Urinary incontinence occurs when the normal process of storing and passing urine is disrupted.
This can happen for a number of reasons, and certain factors may also increase your chance of developing urinary incontinence.
Some of the possible causes will lead to short-term urinary incontinence, while others may cause a long-term problem. If the cause can be treated, this may cure your incontinence.
Your symptoms depend on the type of urinary incontinence you have.
The main symptom of stress incontinence is the leaking of urine when you cough, laugh, lift, strain, or change posture.
Symptoms of urge incontinence may include:
- A sudden, urgent need to urinate.
- Sudden leakage of a large amount of urine.
- The need to urinate frequently, often at night.
Symptoms of overflow incontinence may include:
- A urine stream that starts and stops when you urinate.
- Leakage of a small amount of urine.
- A weak urine stream.
- A need to strain while urinating and a sense that the bladder is not empty.
- An urgent need to urinate, often at night.
- Leaking urine while asleep.
Causes of stress incontinence
Stress incontinence occurs when the pressure inside your bladder as it fills with urine becomes greater than the strength of your urethra to stay closed (the urethra is the tube through which urine passes out of your body).
Any sudden extra pressure on your bladder, such as laughing or sneezing, can then cause urine to leak out of your urethra.
Your urethra may not be able to stay closed if the muscles in your pelvis (pelvic floor muscles) are weak or damaged, or your urethral sphincter (the ring of muscle that keeps the urethra closed) is damaged.
These problems may be caused by:
- damage during childbirth, particularly if the child was born vaginally rather than by caesarean section
- increased pressure on your tummy, for example because you are pregnant or obese
- damage to the bladder or nearby area during surgery, such as the removal of the womb (hysterectomy) in
- women or removal of the prostate gland in men
- neurological conditions, which affect the brain and spinal cord, such as Parkinson’s disease or multiple sclerosis
- certain connective tissue disorders, such as Ehlers-Danlos syndrome
- certain medications
Causes of urge incontinence
The urgent and frequent need to pass urine can be caused by a problem with the detrusor muscles in the walls of the bladder.

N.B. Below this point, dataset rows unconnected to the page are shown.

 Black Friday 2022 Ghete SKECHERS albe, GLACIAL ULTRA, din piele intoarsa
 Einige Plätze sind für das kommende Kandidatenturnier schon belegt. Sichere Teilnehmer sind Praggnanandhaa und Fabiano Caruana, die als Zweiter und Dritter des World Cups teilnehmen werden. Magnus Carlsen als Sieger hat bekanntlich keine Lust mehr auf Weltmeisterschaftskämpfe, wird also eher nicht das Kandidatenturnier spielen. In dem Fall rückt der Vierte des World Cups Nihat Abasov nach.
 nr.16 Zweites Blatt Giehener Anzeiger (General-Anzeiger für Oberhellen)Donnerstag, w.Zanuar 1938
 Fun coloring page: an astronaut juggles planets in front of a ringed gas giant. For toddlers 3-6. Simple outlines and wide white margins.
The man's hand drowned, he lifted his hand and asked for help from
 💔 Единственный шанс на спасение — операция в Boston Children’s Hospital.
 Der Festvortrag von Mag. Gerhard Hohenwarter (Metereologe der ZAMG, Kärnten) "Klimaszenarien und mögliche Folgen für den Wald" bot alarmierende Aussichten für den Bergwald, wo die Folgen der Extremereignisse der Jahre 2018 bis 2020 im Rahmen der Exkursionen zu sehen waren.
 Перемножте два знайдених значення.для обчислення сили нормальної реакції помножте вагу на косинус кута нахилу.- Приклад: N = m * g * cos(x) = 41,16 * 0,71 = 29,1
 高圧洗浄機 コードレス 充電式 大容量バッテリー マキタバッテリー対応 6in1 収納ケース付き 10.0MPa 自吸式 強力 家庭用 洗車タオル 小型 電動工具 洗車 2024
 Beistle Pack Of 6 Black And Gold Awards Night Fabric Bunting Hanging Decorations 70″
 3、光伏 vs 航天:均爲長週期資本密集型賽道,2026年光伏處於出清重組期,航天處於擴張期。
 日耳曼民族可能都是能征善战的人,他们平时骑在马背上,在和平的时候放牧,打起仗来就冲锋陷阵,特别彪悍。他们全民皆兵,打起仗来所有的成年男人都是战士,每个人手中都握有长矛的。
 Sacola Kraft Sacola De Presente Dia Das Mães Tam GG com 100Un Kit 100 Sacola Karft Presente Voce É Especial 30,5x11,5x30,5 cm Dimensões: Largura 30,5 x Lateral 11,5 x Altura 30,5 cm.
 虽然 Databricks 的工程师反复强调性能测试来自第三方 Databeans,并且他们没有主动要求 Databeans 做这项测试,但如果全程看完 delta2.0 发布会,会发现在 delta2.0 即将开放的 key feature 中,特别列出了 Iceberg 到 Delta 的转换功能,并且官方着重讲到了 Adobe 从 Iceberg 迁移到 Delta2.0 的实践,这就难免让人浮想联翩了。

The detrusor muscles relax to allow the bladder to fill with urine, then contract when you go to the toilet to let the urine out.
Sometimes the detrusor muscles contract too often, creating an urgent need to go to the toilet. This is known as having an ‘overactive bladder’. The reason your detrusor muscles contract too often may not be clear, but possible causes include:
- drinking too much alcohol or caffeine
- poor fluid intake – this can cause strong, concentrated urine to collect in your bladder, which can irritate your bladder and cause symptoms of overactivity
- conditions affecting the lower urinary tract (urethra and bladder), such as urinary tract infections (UTIs) or tumours in the bladder
Causes of overflow incontinence
Overflow incontinence, also called chronic urinary retention, is often caused by a blockage or obstruction to your bladder. Your bladder may fill up as usual, but as it is obstructed you will not be able to empty it completely, even when you try.
At the same time, pressure from the urine that is still in your bladder builds up behind the obstruction, causing frequent leaks.
Your bladder can become obstructed as a result of:
- an enlarged prostate gland (in men)
- bladder stones
Overflow incontinence may also be caused by your detrusor muscles not fully contracting, which means that your bladder does not completely empty when you go to the toilet. As a result, the bladder becomes stretched. Your detrusor muscles may not fully contract if:
there is damage to your nerves, for example as a result of surgery to part of your bowel or a spinal cord injury
you are taking certain medications
Causes of total incontinence
Total incontinence occurs when your bladder cannot store any urine at all. It can result in you either passing large amounts of urine constantly, or passing urine occasionally with frequent leaking.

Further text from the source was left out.